• **RECORDS FOR THE TASK**:
※
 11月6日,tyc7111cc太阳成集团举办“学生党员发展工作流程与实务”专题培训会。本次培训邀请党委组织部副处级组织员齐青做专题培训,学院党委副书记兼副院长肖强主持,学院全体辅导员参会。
※
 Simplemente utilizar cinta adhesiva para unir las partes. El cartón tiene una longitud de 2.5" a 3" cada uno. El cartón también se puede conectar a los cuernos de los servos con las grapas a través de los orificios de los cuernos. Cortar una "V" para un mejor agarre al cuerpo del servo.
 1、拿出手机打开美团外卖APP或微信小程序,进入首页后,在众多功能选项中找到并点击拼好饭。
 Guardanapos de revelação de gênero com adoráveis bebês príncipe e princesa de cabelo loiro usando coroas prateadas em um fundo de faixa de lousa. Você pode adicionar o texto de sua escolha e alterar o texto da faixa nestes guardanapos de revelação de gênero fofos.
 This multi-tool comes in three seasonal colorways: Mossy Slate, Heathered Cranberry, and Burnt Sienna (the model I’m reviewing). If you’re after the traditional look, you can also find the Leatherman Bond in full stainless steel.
※
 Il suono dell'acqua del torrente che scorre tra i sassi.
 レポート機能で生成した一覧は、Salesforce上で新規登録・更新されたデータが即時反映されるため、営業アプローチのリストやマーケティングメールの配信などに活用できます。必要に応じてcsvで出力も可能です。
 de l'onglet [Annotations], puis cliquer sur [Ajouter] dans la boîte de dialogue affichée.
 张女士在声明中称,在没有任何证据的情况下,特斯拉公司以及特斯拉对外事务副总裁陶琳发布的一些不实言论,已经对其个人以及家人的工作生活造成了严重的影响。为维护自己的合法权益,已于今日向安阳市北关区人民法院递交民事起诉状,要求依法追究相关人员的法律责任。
※
• **WHAT YOU WILL DO**:
Using the listing above, copy exactly the line that contains "レポート機能で生成した一覧は", the line that contains "张女士在声明中称,在没有任何", and each line that falls between them.

• **ANSWER BOX**:
 レポート機能で生成した一覧は、Salesforce上で新規登録・更新されたデータが即時反映されるため、営業アプローチのリストやマーケティングメールの配信などに活用できます。必要に応じてcsvで出力も可能です。
 de l'onglet [Annotations], puis cliquer sur [Ajouter] dans la boîte de dialogue affichée.
 张女士在声明中称,在没有任何证据的情况下,特斯拉公司以及特斯拉对外事务副总裁陶琳发布的一些不实言论,已经对其个人以及家人的工作生活造成了严重的影响。为维护自己的合法权益,已于今日向安阳市北关区人民法院递交民事起诉状,要求依法追究相关人员的法律责任。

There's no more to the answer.